Design and construction
- Architects: Helmut Jahn Peter Walker (landscape architect)
- Architecture firm: Murphy/Jahn
- Engineer: Jaros, Baum & Bolles (MEP)
- Structural engineer: Ove Arup & Partners
- Other designers: Waagner-Biro

Website
- www.das-center-am-potsdamer-platz.de/en

= The Center Potsdamer Platz =

Ensemble of buildings in Berlin, Germany

The Center Potsdamer Platz (known as Sony Center until March 2023) is a complex of eight buildings located at the Potsdamer Platz in Berlin, Germany, designed by Helmut Jahn. It opened in 2000 and housed Sony's German headquarters. The cinemas in the center were closed at the end of 2019.

==History==

In the early 20th century, the site was originally home to Berlin's bustling city center. During World War II, it was the location of the infamous Nazi People's Court. Most of the buildings in its vicinity were destroyed or damaged during World War II. From 1961 onwards, most of the area became part of the "No Man's Land" of the Berlin Wall, resulting in the destruction of the remaining buildings. After the fall of the Berlin Wall on 9 November 1989, the square became the focus of attention again, as a large (some 60 ha), attractive location in the heart of a major European capital city had suddenly become available.
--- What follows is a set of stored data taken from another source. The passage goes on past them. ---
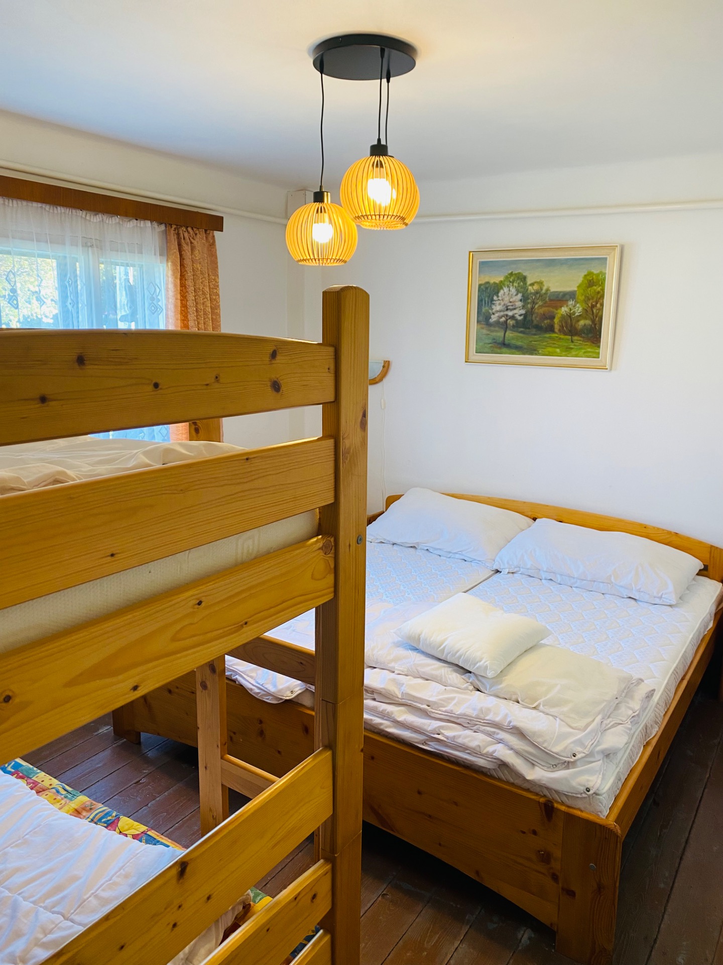 V jedné je manželská postel🛌 a palanda a v druhé další dvojpostel 🛌a jednolůžko.
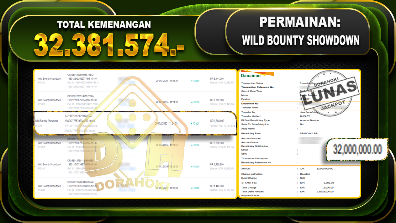 Bukti JP Wild Bounty Showdown – ucapkan selamat kepada user id setaxxxxxx atas kemenangan di Wild Bounty Showdown dengan total kemenangan Rp.32.381.574,- Yang pasti nya langsung LUNAS sesuai bukti ya bosku. Dorahoki nih bosku berapapun akan tetap kami bayar lunas ya bosku
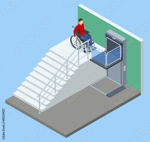 Isometric modern wheelchair lift near the building. The special elevator for the disabled. Adaptation for people with disabilities, disabled people. Assistance, rehabilitation and health care.
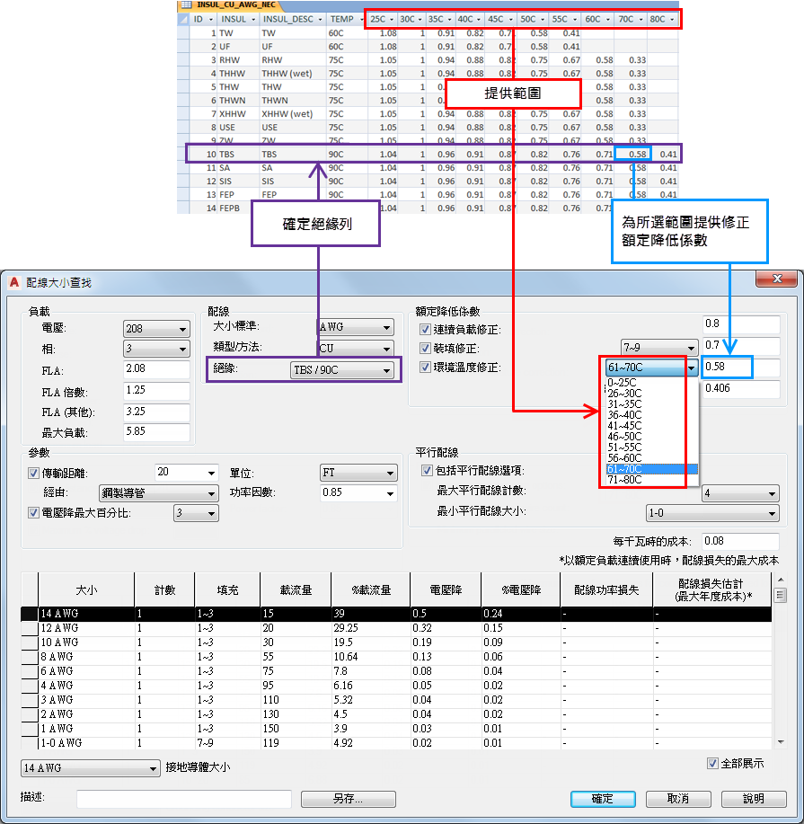 配線絕緣表格可提供用於根據預期最大環境溫度額定降低導體載流量的選項。
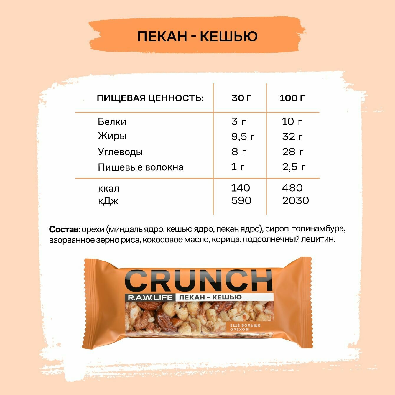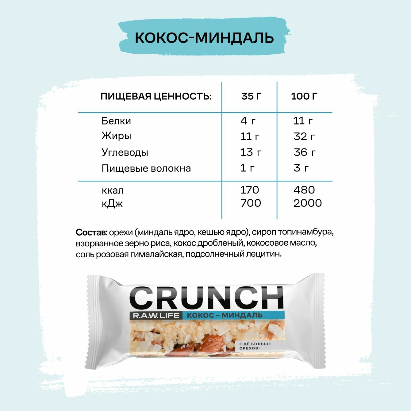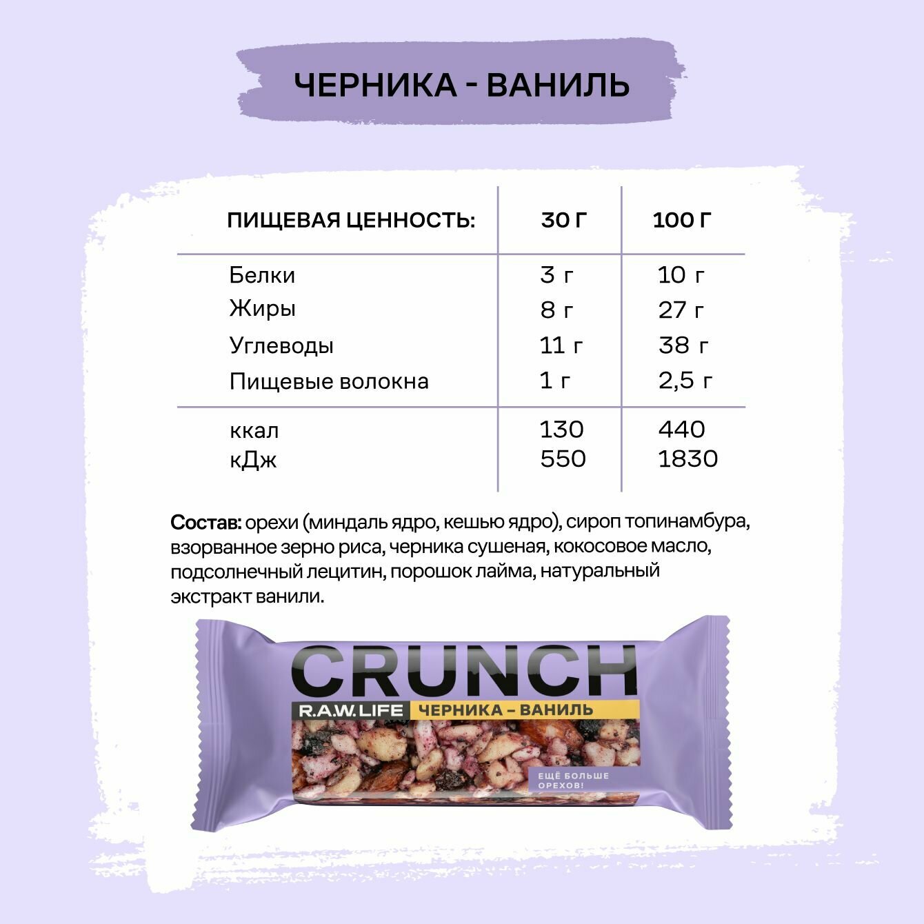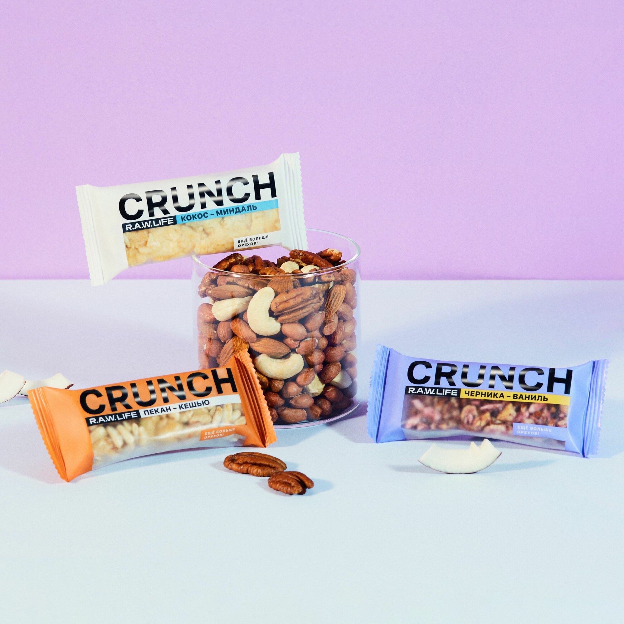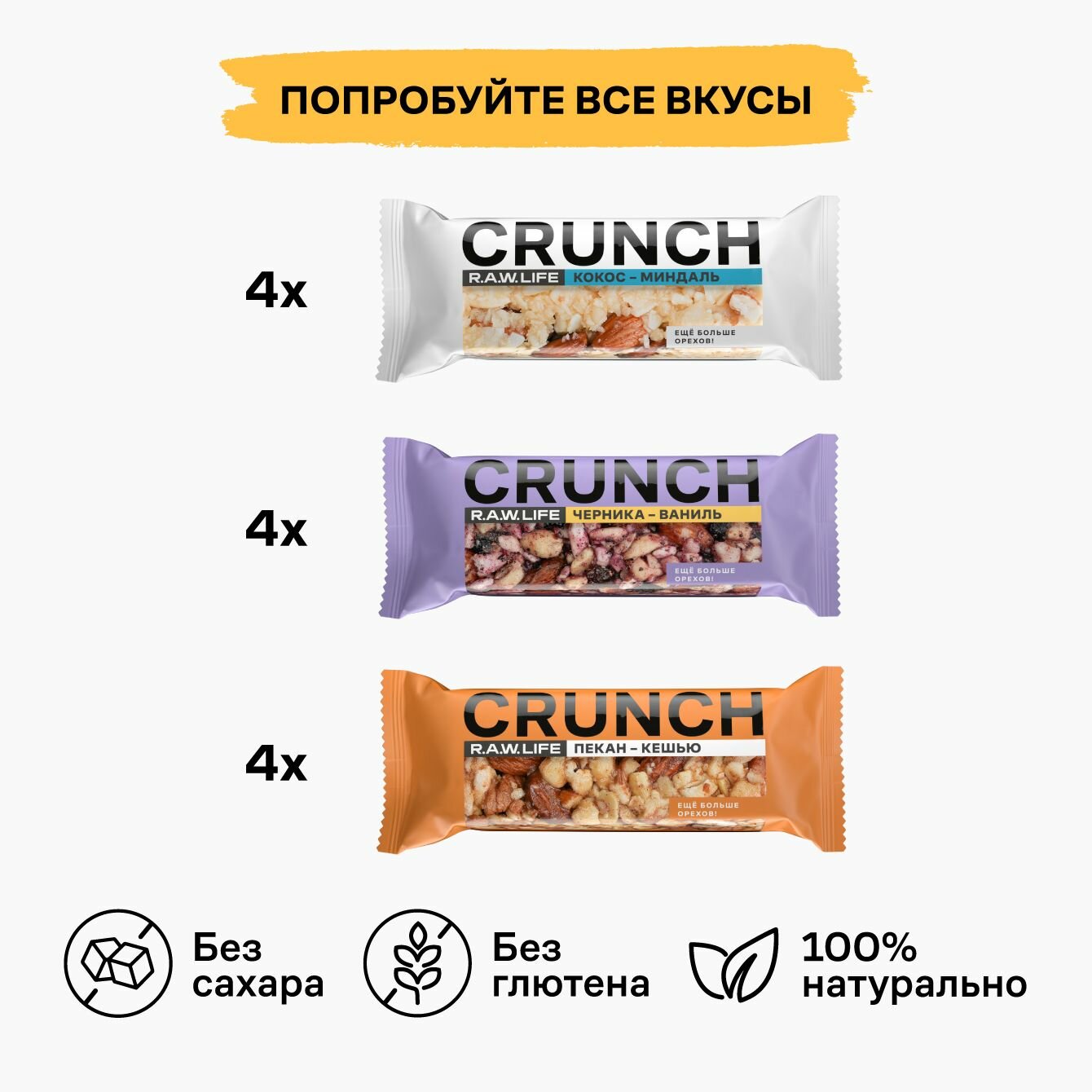 Энергетические батончики без сахара R.A.W.LIFE CRUNCH / Злаковые, натуральные, много орехов / Ассорти 12 шт по 30 гр
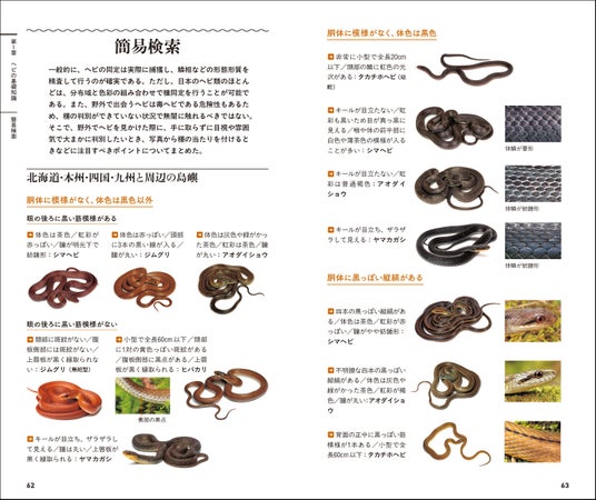 野外観察に必携! 日本のヘビ43種+4亜種を網羅し、色彩・地域変異も多数収録。充実した検索表付きのハンディ版ヘビ図鑑が登場!
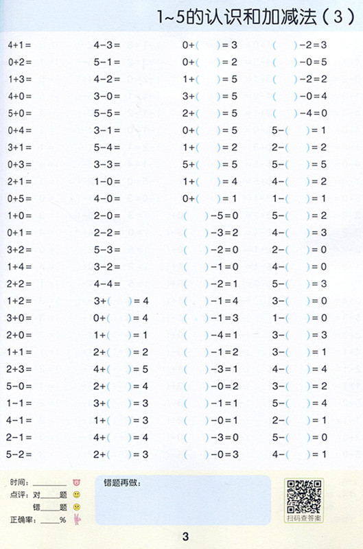每天100道口算题卡 计时测评 一年级上册(RJ版)彩绘版 开明出版社

As part of a redevelopment effort for the area, the space was to be developed. In 1992, Sony acquired the 30,000 m2 site from the Berlin city government for 97.2 million German marks, about US$61.6 million. Shortly after, the European Commission briefly investigated whether Sony paid less than the market price. Over the following years, a total of eight buildings were designed by Helmut Jahn and Peter Walker as landscape architect, and construction was completed in 2000 at a total cost of 750 million euros.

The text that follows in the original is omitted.